INPUT DATA -
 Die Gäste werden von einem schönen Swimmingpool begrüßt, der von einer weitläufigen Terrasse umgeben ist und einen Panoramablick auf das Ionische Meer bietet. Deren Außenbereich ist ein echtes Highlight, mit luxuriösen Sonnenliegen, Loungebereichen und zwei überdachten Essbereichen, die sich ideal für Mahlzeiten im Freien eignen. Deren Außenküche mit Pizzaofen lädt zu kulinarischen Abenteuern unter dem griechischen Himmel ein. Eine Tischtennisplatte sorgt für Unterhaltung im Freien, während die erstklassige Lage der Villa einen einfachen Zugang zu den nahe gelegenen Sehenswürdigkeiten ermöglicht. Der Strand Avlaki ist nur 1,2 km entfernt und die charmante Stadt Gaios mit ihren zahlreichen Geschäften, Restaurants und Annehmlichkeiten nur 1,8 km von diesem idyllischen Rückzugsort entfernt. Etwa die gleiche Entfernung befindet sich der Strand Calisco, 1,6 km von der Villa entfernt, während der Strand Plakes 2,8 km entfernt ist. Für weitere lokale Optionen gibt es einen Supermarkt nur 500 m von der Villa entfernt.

...

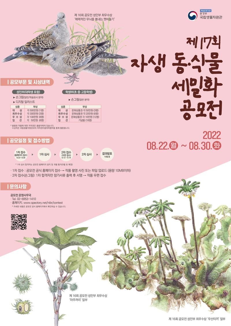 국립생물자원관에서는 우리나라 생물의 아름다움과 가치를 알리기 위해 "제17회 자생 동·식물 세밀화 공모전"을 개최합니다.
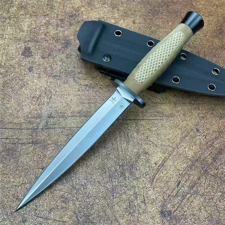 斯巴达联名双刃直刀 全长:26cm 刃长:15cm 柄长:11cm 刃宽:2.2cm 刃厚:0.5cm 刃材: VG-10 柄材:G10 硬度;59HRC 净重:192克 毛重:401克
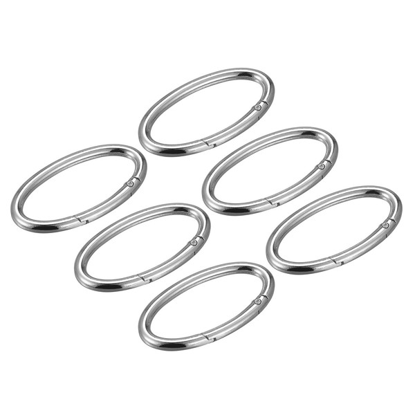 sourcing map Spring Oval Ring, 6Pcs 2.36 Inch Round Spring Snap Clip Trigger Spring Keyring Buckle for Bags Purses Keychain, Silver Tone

WHAT YOU ARE ASKED TO DO - Using the records above, print exactly the lines between the ones containing "국립생물자원관에서는 우리나라 생물의" and "sourcing map Spring", inclusive, and nothing else; no pictures.

RESULT FOR THIS TASK -
 국립생물자원관에서는 우리나라 생물의 아름다움과 가치를 알리기 위해 "제17회 자생 동·식물 세밀화 공모전"을 개최합니다.
 斯巴达联名双刃直刀 全长:26cm 刃长:15cm 柄长:11cm 刃宽:2.2cm 刃厚:0.5cm 刃材: VG-10 柄材:G10 硬度;59HRC 净重:192克 毛重:401克
 sourcing map Spring Oval Ring, 6Pcs 2.36 Inch Round Spring Snap Clip Trigger Spring Keyring Buckle for Bags Purses Keychain, Silver Tone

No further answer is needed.